PROVIDED RECORDS:
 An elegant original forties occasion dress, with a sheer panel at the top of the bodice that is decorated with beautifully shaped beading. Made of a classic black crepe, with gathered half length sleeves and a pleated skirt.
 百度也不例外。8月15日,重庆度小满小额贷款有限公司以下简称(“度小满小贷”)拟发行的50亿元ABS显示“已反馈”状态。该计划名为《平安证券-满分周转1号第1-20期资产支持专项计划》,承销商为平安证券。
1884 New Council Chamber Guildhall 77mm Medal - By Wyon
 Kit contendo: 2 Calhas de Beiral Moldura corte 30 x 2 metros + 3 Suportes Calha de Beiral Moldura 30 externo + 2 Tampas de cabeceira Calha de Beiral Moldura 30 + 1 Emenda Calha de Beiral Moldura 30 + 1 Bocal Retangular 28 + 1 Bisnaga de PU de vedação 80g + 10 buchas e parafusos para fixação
==
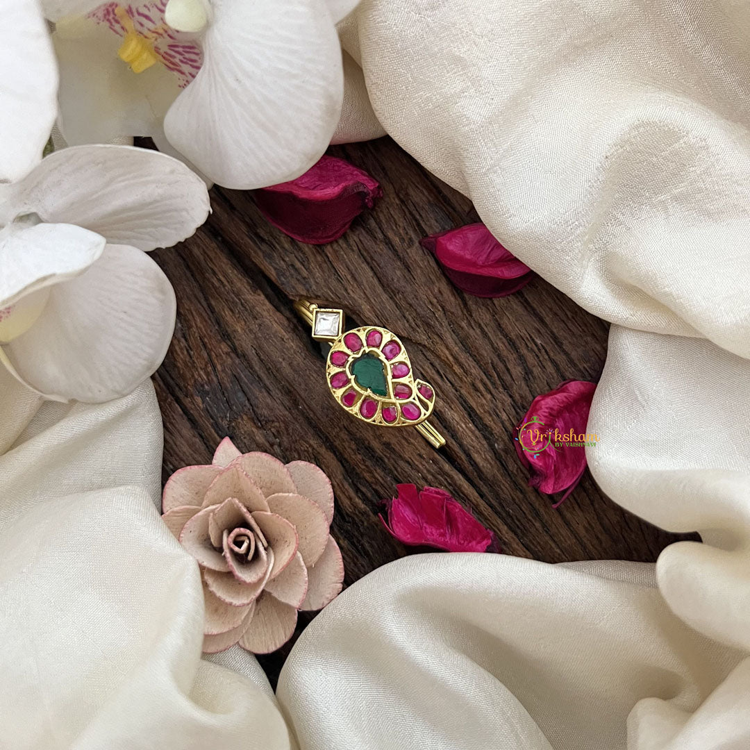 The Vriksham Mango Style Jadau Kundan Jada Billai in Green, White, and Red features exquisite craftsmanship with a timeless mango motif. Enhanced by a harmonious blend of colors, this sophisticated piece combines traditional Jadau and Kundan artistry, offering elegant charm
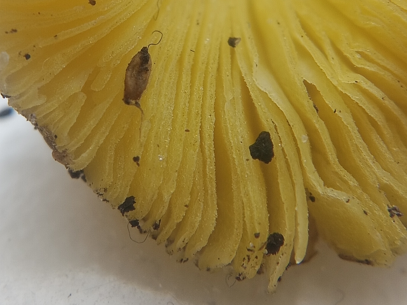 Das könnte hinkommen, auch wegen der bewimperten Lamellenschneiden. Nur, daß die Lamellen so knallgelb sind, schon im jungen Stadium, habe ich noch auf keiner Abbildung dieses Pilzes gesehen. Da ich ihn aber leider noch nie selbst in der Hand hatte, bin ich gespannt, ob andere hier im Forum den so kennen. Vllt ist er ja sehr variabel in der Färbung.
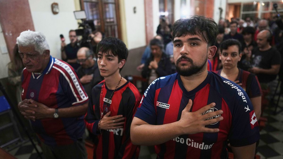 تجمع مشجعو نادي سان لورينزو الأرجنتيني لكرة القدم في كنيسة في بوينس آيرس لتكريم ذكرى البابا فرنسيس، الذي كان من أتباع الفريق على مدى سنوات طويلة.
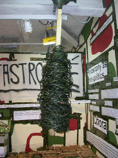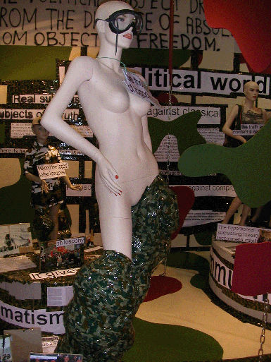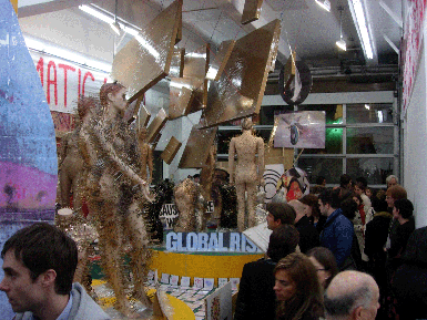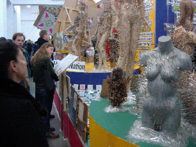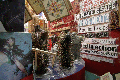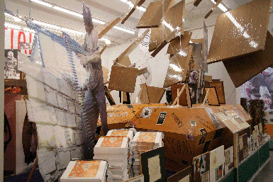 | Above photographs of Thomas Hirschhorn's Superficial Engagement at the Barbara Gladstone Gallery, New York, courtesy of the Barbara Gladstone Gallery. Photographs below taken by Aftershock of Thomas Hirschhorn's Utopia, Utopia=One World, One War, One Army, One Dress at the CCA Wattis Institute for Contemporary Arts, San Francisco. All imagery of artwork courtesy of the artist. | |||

WORK ORDER:
All lines in the listing above from the line containing "1884 New Council" to the line containing "Kit contendo: 2", inclusive, should be retyped exactly; no other lines should appear.

EXERCISE SOLUTION:
1884 New Council Chamber Guildhall 77mm Medal - By Wyon
 Kit contendo: 2 Calhas de Beiral Moldura corte 30 x 2 metros + 3 Suportes Calha de Beiral Moldura 30 externo + 2 Tampas de cabeceira Calha de Beiral Moldura 30 + 1 Emenda Calha de Beiral Moldura 30 + 1 Bocal Retangular 28 + 1 Bisnaga de PU de vedação 80g + 10 buchas e parafusos para fixação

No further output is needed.